Task ▸
Copy out and return the lines from the one holding "交易策略:在1900.00之" to the end of the listing below, both included, omitting the pictures.

The data ▸
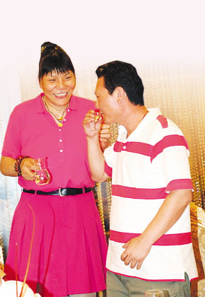 上午10點(diǎn)30分,一輛寶藍(lán)色的本田商務(wù)車(chē)抵達(dá)酒店門(mén)前,身著一襲寶藍(lán)色連衣裙的鄭海霞和西裝筆挺的夫婿徐慶華下車(chē)后迅速進(jìn)入酒店,路人甚至都沒(méi)來(lái)得及認(rèn)出海霞。11點(diǎn)30分,在一間不大的會(huì)議室內(nèi),隨著現(xiàn)場(chǎng)輕柔的樂(lè)曲,司儀宣布婚禮開(kāi)始,現(xiàn)場(chǎng)100多位嘉賓、親友聚攏在婚禮臺(tái)四周,一同目睹了鄭海霞與丈夫徐慶華的優(yōu)雅現(xiàn)身。盡管對(duì)于此次婚禮鄭海霞夫婦一再要求低調(diào),但在前天的婚禮現(xiàn)場(chǎng),一些必要的程序還是照常進(jìn)行。大概是要難為一下昔日的“亞洲女籃第一中鋒”,現(xiàn)場(chǎng)司儀要求海霞對(duì)婆婆改口時(shí)用標(biāo)準(zhǔn)的河南話(huà)喊一聲“娘”,惹得見(jiàn)過(guò)無(wú)數(shù)大世面的鄭海霞當(dāng)場(chǎng)紅臉。但在親友們的一再鼓勵(lì)下,海霞還是羞澀地完成了任務(wù),大喊了一聲“娘”。
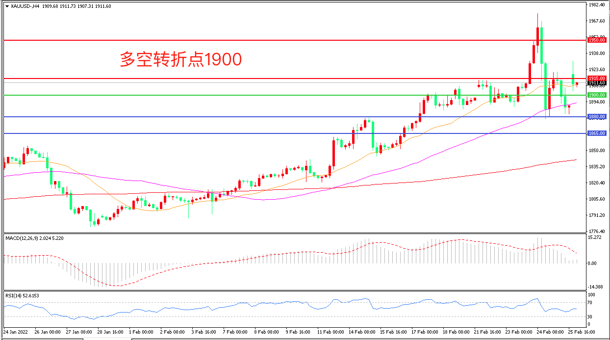 交易策略:在1900.00之上看涨,目标1915.00       1930.00
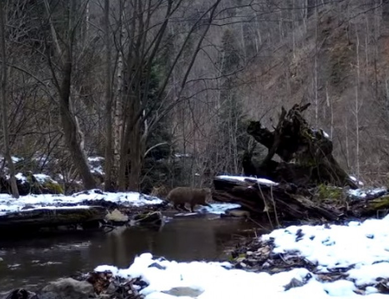 Imagini rare au fost surprinse în Munții Apuseni, acolo unde a fost văzută o pisică sălbatică în timp ce traversa un pârâu.

Solution for this exercise ▸
 交易策略:在1900.00之上看涨,目标1915.00       1930.00
 Imagini rare au fost surprinse în Munții Apuseni, acolo unde a fost văzută o pisică sălbatică în timp ce traversa un pârâu.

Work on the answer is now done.